# dplyr Demo

This is a demo to walk through dplyr.  Dplyr is another of the tidyverse packages, and we've already seen a little bit of it.  This demo is based on a [blog post by Gerald Belton](https://www.r-bloggers.com/more-tidyverse-using-dplyr-functions/), along with my additions.


In [None]:
if(!require(tidyverse)) {
    install.packages("tidyverse", repos = "http://cran.us.r-project.org")
    library(tidyverse)
}

if(!require(gapminder)) {
    install.packages("gapminder", repos = "http://cran.us.r-project.org")
    library(gapminder)
}

First we can perform some basic filters of the data to get an idea of some of the extremes.

In [None]:
filter(gapminder, lifeExp < 30)
filter(gapminder, lifeExp > 81.5)

dplyr does not have an AND clause; instead, we can chain together logical AND statements with commas.

In [None]:
filter(gapminder, pop > 20000000 & gdpPercap > 36000)

Similarly, the single pipe (|) acts as the OR operator.

In [None]:
filter(gapminder, pop > 1200000000 | gdpPercap > 100000)
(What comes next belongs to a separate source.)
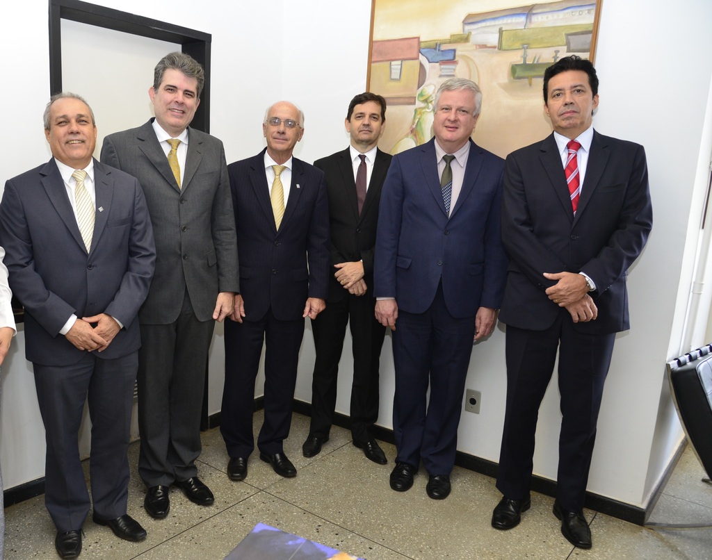 _UFG6656A Universidade Federal de Goiás aceitou a solicitação do TRT Goiás para realizar a perícia nas obras de ampliação do Tribunal que foram atingidas pelo incêndio ocorrido no dia 3 de outubro. O presidente do TRT, desembargador Aldon Taglialegna, foi pessoalmente, na tarde desta quarta-feira (14/10), com uma comitiva, entregar um ofício ao Reitor da UFG, Professor Orlando Afonso Valle do Amaral, solicitando apoio para a realização de perícia nas obras de ampliação do Tribunal.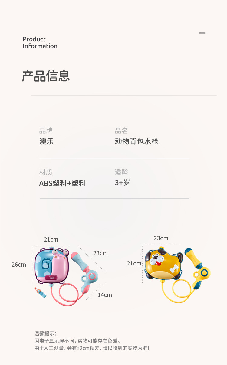 【品牌直发】澳乐背包水枪儿童玩具喷水夏天男女孩网红抽拉式呲滋水打水仗神器

The `select` function allows you to select specific variables from the data frame.

In [None]:
select(gapminder, year, lifeExp)

The pipe operator `%>%` is one of the most important operators in dplyr.  It allows you to take the ouptut from one operation and make it the input for the next operation.

In [None]:
gapminder %>%
  filter(pop > 1200000000) %>%
  select(country, year, lifeExp)

The `mutate` function lets you modify data frames.  In this example, we will add a new calculated variable.

In [None]:
new_gap <- gapminder %>%
  mutate(gdp = pop * gdpPercap)
head(new_gap)

We will sort the data using `arrange`.  This function will sort ascending by default.

In [None]:
new_gap %>%
  arrange(gdp, year) %>%
  head(10)

If we want to sort in descending order, we can use the `desc()` function inside `arrange`.  The following example shows sorting by GDP descending and then continent ascending.

In [None]:
new_gap %>%
  arrange(desc(gdp), continent) %>%
  head(10)

Grouping and summarizing data are vital to analysis.  The following code will group the data by continent and then include the count of observations per continent in the data frame.

In [None]:
new_gap %>%
  group_by(continent) %>%
  summarize(n = n())

We can use grouping and summarizing to look at data at a higher level of granularity than the data itself.  For example, the following code returns the average, by continent, of all life expectancies in the series.

In [None]:
new_gap %>%
  group_by(continent) %>%
  summarize(avg_lifeExp = mean(lifeExp))

We can see the value of the pipe operator even more clearly in the following examples as we filter down to a specific year first and then group and summarize the data to generate life expectancies by continent for a particular year.  First, 1952:

In [None]:
new_gap %>%
  filter(year == 1952) %>%
  group_by(continent) %>%
  summarize(avg_lifeExp = mean(lifeExp))

Now 2007:

In [None]:
new_gap %>%
  filter(year == 2007) %>%
  group_by(continent) %>%
  summarize(avg_lifeExp = mean(lifeExp))

Let's put it all together and look for the single biggest drop in life expectancy by continent from one year to the next.  We will use the `lag()` function to look at the previous record in a particular window (i.e., continent-country pair, sorted by year).  This also allows us to see the `top_n()` function.

In [None]:
new_gap %>%
  select(country, year, continent, lifeExp) %>%
  group_by(continent, country) %>%
  ## within country, take (lifeExp in year i) - (lifeExp in year i - 1)
  ## positive means lifeExp went up, negative means it went down
  mutate(le_delta = lifeExp - lag(lifeExp)) %>% 
  ## within country, retain the worst lifeExp change = smallest or most negative
  summarize(worst_le_delta = min(le_delta, na.rm = TRUE))  %>% 
  ## within continent, retain the row with the lowest worst_le_delta
  top_n(1, wt = -1 * worst_le_delta) %>% 
  arrange(worst_le_delta)

Let's follow that up by looking at the largest single-year gains in life expectancy by continent.

In [None]:
new_gap %>%
  select(country, year, continent, lifeExp) %>%
  group_by(continent, country) %>%
  mutate(le_delta = lifeExp - lag(lifeExp)) %>% 
  summarize(best_le_delta = max(le_delta, na.rm = TRUE)) %>% 
  top_n(1, wt = best_le_delta) %>% 
  arrange(best_le_delta)

To wrap this up, what are the biggest single-year gains in GDP by continent?

In [None]:
new_gap %>%
  select(country, year, continent, gdpPercap) %>%
  group_by(continent, country) %>%
  mutate(gdp_delta = gdpPercap - lag(gdpPercap)) %>% 
  summarize(best_gdp_delta = max(gdp_delta, na.rm = TRUE)) %>% 
  top_n(1, wt = best_gdp_delta) %>% 
  arrange(best_gdp_delta)